- **Try it**
Look below for the line holding "Hình ảnh trực" and the line holding "Use the enclosed". Transcribe exactly those lines and all lines between them, nothing more.

- **Input material**
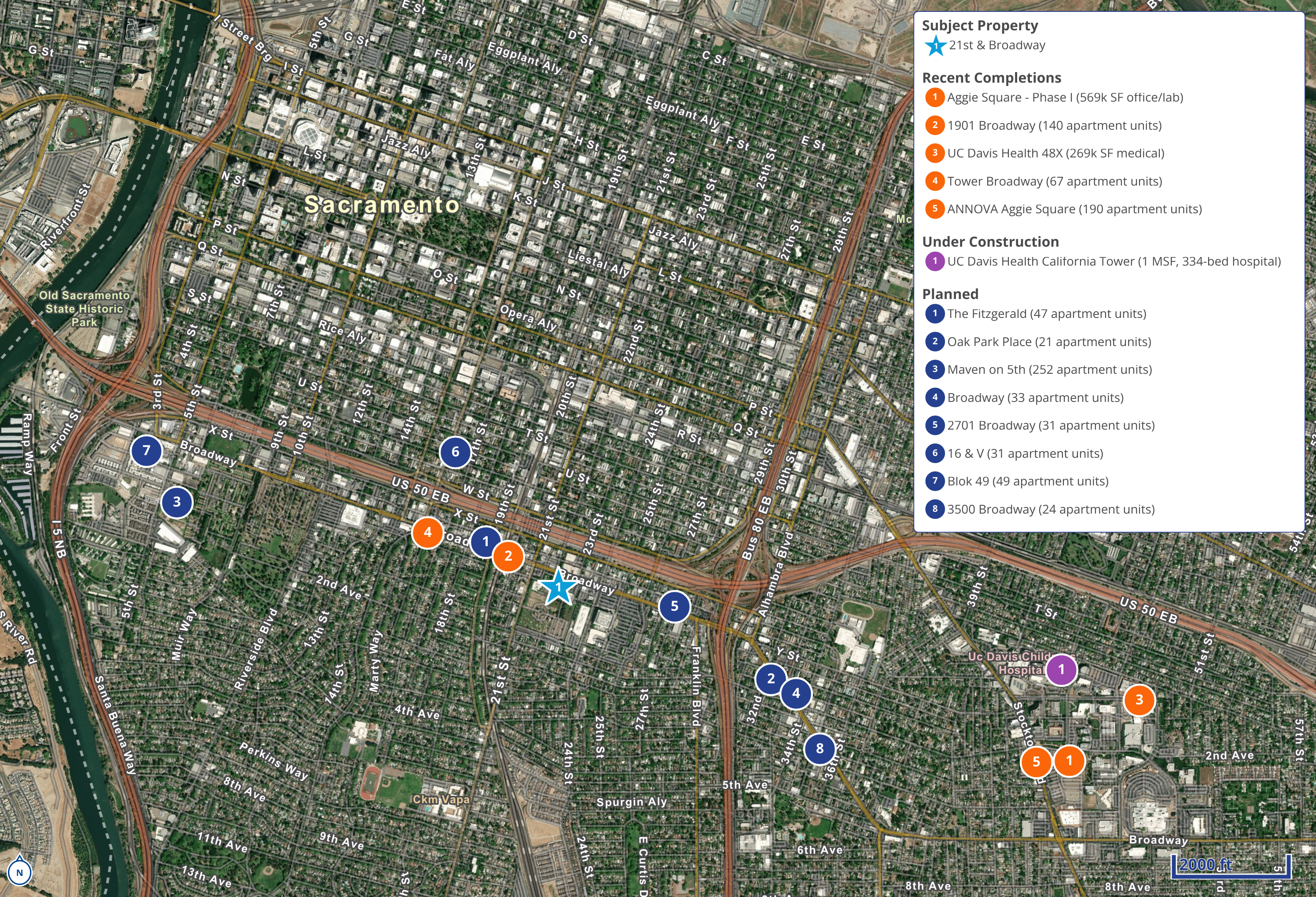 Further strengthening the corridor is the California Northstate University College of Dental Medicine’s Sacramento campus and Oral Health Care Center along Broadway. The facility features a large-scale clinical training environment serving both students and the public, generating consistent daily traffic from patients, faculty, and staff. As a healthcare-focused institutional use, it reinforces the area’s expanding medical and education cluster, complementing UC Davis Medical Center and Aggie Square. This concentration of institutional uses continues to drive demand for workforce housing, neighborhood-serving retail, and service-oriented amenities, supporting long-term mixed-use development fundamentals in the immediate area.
* * *
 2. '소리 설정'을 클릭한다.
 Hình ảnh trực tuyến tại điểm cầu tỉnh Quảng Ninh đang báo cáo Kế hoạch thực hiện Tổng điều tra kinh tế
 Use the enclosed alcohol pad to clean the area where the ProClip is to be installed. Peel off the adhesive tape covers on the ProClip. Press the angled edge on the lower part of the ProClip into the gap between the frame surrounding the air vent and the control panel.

- **Answer for this exercise**
 Hình ảnh trực tuyến tại điểm cầu tỉnh Quảng Ninh đang báo cáo Kế hoạch thực hiện Tổng điều tra kinh tế
 Use the enclosed alcohol pad to clean the area where the ProClip is to be installed. Peel off the adhesive tape covers on the ProClip. Press the angled edge on the lower part of the ProClip into the gap between the frame surrounding the air vent and the control panel.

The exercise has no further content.